Excerpts from a dataset:
━━━━━━━━━━
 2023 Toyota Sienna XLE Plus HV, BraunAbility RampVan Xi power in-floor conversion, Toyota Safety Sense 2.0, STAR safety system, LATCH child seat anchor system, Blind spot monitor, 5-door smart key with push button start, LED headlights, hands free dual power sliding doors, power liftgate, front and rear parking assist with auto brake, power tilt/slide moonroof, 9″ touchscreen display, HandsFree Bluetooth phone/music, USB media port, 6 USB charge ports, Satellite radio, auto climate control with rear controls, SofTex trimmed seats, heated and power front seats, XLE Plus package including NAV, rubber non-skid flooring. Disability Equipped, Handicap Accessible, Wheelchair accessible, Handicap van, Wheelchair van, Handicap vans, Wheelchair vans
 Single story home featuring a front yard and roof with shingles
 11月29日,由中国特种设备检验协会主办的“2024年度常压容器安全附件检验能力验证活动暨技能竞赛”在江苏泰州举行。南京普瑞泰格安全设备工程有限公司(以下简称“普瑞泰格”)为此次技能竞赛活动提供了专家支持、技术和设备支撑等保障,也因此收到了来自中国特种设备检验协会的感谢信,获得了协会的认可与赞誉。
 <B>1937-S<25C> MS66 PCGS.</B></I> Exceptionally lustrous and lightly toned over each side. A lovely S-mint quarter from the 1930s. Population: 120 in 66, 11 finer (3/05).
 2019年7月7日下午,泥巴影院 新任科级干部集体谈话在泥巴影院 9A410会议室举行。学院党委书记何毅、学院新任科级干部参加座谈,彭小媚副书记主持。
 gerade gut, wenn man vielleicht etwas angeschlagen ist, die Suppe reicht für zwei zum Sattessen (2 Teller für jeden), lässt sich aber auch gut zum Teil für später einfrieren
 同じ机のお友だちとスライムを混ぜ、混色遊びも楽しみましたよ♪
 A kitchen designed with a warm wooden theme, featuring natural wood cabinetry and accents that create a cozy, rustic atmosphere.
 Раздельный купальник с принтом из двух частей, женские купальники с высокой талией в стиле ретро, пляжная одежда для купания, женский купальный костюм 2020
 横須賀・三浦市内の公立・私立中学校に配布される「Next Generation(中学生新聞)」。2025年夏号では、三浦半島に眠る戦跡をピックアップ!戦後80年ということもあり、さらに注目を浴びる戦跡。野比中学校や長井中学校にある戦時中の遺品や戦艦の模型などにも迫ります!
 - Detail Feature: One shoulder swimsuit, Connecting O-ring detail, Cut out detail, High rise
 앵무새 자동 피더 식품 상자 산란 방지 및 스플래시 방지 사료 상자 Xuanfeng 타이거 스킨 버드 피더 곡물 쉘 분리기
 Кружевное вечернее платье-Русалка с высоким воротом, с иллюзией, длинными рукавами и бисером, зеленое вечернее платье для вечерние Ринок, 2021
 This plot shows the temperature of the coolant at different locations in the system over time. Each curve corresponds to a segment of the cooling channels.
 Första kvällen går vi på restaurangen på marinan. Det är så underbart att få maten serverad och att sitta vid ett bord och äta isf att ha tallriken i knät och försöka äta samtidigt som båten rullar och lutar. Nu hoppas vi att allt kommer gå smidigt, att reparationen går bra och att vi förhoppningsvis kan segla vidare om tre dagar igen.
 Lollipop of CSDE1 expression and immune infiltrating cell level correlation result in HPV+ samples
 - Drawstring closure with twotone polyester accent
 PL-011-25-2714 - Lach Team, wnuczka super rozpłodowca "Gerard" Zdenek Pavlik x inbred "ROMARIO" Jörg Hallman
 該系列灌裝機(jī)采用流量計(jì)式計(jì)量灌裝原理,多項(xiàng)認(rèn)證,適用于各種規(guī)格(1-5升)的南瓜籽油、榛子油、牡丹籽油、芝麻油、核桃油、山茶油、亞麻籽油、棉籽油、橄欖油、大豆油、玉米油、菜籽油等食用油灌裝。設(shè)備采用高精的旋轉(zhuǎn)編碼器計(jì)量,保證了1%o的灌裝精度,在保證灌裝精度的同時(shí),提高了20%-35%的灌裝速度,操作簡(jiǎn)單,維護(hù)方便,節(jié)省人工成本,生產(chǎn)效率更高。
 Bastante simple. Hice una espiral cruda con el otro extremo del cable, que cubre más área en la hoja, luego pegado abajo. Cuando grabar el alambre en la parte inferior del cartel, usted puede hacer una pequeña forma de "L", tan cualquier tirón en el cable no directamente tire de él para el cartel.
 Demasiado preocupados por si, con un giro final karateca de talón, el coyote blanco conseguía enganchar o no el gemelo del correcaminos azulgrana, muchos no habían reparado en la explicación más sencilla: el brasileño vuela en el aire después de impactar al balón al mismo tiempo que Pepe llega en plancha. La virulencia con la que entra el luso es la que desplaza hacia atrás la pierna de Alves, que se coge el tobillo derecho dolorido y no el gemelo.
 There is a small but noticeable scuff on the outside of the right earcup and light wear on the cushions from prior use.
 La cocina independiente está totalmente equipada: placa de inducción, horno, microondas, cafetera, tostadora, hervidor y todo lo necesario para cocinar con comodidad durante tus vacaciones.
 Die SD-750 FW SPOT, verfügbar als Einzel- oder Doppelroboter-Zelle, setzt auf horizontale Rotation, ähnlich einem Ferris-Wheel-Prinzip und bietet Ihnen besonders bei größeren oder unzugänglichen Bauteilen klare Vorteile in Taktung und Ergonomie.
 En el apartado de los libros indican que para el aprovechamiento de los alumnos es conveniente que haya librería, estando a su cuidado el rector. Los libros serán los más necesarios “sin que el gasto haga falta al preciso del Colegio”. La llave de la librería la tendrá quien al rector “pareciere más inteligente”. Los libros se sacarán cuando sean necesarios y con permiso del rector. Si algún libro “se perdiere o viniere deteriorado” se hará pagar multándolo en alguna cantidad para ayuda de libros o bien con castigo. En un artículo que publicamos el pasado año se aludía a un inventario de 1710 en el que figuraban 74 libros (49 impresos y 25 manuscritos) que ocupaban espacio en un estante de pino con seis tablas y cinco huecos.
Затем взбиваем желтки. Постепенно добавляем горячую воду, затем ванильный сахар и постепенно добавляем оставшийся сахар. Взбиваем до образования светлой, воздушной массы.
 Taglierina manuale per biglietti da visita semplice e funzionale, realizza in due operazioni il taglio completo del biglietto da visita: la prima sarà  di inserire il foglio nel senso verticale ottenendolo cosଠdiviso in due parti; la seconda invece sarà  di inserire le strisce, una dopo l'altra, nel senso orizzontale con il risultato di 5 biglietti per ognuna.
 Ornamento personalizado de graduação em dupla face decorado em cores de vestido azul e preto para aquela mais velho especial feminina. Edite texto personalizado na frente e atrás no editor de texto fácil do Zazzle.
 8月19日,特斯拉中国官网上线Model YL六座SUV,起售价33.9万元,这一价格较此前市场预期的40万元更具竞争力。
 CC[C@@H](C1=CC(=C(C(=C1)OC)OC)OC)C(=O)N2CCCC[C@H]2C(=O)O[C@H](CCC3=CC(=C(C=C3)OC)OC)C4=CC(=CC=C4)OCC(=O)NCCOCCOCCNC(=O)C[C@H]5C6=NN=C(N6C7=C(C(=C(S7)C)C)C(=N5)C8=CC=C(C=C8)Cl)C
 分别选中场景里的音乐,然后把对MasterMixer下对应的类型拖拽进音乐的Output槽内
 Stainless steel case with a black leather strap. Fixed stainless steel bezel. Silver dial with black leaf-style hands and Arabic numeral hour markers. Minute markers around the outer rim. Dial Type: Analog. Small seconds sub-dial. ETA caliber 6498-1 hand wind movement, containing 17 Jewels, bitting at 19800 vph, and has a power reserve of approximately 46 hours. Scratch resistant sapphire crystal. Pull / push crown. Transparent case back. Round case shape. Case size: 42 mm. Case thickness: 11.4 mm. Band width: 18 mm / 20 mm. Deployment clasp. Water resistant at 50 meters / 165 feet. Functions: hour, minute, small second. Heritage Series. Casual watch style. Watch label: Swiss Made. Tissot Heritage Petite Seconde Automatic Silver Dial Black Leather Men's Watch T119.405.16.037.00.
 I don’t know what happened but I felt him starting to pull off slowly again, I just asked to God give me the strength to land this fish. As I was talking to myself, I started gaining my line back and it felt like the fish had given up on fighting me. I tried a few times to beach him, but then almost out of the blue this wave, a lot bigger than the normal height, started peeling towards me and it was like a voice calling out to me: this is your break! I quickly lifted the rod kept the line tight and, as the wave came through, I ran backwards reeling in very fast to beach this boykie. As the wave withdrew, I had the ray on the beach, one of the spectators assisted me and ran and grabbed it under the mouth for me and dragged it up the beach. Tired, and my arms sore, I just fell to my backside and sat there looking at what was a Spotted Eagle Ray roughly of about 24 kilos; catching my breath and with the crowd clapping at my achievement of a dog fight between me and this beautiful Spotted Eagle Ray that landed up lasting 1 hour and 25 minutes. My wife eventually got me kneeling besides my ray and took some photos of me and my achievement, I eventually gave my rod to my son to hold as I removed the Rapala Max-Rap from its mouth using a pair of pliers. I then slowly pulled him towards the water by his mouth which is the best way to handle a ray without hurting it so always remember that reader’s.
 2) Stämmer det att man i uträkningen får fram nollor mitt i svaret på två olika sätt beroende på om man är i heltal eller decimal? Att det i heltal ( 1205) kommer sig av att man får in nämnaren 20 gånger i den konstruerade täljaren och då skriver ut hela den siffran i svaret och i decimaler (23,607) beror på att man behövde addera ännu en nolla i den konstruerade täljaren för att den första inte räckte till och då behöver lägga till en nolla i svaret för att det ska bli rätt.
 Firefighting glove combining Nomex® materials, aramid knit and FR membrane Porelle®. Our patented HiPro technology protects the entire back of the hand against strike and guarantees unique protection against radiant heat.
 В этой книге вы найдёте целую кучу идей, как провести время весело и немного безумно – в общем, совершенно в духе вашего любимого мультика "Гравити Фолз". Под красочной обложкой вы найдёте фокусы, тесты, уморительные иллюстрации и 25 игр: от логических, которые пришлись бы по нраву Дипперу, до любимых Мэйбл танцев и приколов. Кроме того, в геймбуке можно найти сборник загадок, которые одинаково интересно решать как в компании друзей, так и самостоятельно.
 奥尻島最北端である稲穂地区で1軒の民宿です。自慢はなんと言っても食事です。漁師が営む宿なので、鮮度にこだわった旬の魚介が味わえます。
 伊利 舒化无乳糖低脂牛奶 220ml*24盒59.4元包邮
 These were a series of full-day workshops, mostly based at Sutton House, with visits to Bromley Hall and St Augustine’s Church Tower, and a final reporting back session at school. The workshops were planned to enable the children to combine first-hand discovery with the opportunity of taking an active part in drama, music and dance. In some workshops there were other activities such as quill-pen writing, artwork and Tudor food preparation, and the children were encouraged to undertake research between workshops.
━━━━━━━━━━
**Directions for this task:**
The required answer is the exact run of lines above starting at the line with "В этой книге" and ending at the line with "伊利 舒化无乳糖低脂牛奶 220ml*24盒59.4元包邮", with both ends present.

**Solution for this task:**
 В этой книге вы найдёте целую кучу идей, как провести время весело и немного безумно – в общем, совершенно в духе вашего любимого мультика "Гравити Фолз". Под красочной обложкой вы найдёте фокусы, тесты, уморительные иллюстрации и 25 игр: от логических, которые пришлись бы по нраву Дипперу, до любимых Мэйбл танцев и приколов. Кроме того, в геймбуке можно найти сборник загадок, которые одинаково интересно решать как в компании друзей, так и самостоятельно.
 奥尻島最北端である稲穂地区で1軒の民宿です。自慢はなんと言っても食事です。漁師が営む宿なので、鮮度にこだわった旬の魚介が味わえます。
 伊利 舒化无乳糖低脂牛奶 220ml*24盒59.4元包邮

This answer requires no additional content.